Re: [Evolution-hackers] Moving the struct instance heap space to mmap

2006-09-07 Thread Philip Van Hoof
On Thu, 2006-09-07 at 21:14 +0200, Philip Van Hoof wrote:

 typedef struct {
 CamelFolderSummary *fs;
 int nth;
 MemoryMessageInfo *m;
 } CamelMessageInfo;
 
 
 #define camel_message_info_from (x)   \
 ((x)-m ? (x)-m-from : (x)-fs-sstart+*((x)-fs-istart\
  +(sizeof(int)*4*(x)-nth)+1))
 #define camel_message_info_subject (x)\
 ((x)-m ? (x)-m-subject : (x)-fs-sstart+*((x)-fs-istart \
  +(sizeof(int)*4*(x)-nth)+2))
 #define camel_message_info_from (x)   \
 ((x)-m ? (x)-m-to : (x)-fs-sstart+*((x)-fs-istart  \
  +(sizeof(int)*4*(x)-nth)+3))

Note of course that once the offsets are stored in the mmaped index
file, you can have a lot more than just the from, subject and from
members at almost no cost (only mmap  file size). Whereas today the
entire structure size for a camel-message-info grows to more than these
120 bytes.

That is the core idea here: reduce the size of the camel-message-info
type so that each instance needed is relatively small.
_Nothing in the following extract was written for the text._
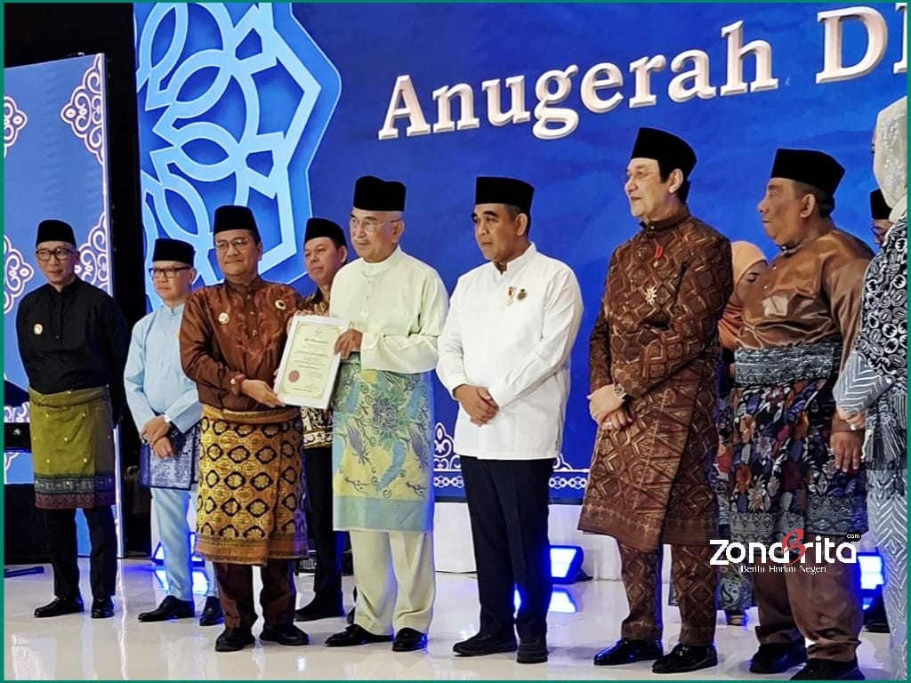 Presiden DMDI Dunia, TYT Tun Seri Setia Dr. H. Mohd Ali Rustam, yang juga Yang di Pertua Negeri Melaka, menyerahkan langsung penghargaan prestisius ini di Hotel Borobudur, Jakarta, pada Jumat (24/10/2025). Penganugerahan ini disaksikan oleh sejumlah tokoh nasional penting, di antaranya Ketua MPR RI H. Ahmad Muzani, Ketua DPD RI Sultan B Najamudin, Menteri PPMI RI Mukhtaruddin, dan Gubernur Jambi Dr. H. Al Haris.

Each instance
will do a two-stage lookup in two mmapped files. Once for knowing the
offset and once for getting a pointer (at that offset) with the actual
data. Each instance that isn't yet written to disk, has a normal memory
copy using the MemoryMessageInfo struct.

In stead of 120 bytes would this camel-message-info consume (aligned on
four bytes, as on a x86 i386) 12 bytes. That's 10 times less per item.

ps. I'm indeed interested in your input/ideas on this.

-- 
Philip Van Hoof, software developer at x-tend 
home: me at pvanhoof dot be 
gnome: pvanhoof at gnome dot org 
work: vanhoof at x-tend dot be 
http://www.pvanhoof.be - http://www.x-tend.be

___
Evolution-hackers mailing list
Evolution-hackers@gnome.org
http://mail.gnome.org/mailman/listinfo/evolution-hackers


Re: [Evolution-hackers] Moving the struct instance heap space to mmap

2006-09-07 Thread Philip Van Hoof
On Thu, 2006-09-07 at 21:14 +0200, Philip Van Hoof wrote:

 To read message n, you would simply do something like:
 
 from = sstart + *(istart + (sizeof (int) * 4 * n) + 1)
 subject = sstart + *(istart + (sizeof (int) * 4 * n) + 2)
 to = sstart + *(istart + (sizeof (int) * 4 * n) + 3)
 flags = sstart + *(istart + (sizeof (int) * 4 * n) + 4)
 

No no no no no. I meant (something like) this of course:


unsigned char *sstart = (uchar*)mmap(..), *istart = (uchar*)mmap(..);
#define AMOUNT_OF_OFFSETS_PER_RECORD 4
#define AOO AMOUNT_OF_OFFSETS_PER_RECORD

from = sstart + *(istart + ((sizeof (uint32_t) * AOO * n) + sizeof (uint32_t)))
subject = sstart + *(istart + ((sizeof (uint32_t) * AOO * n) + sizeof 
(uint32_t)))
to = sstart + *(istart + ((sizeof (uint32_t) * AOO * n) + sizeof (uint32_t)))
flags = sstart + *(istart + ((sizeof (uint32_t) * AOO * n) + sizeof (uint32_t)))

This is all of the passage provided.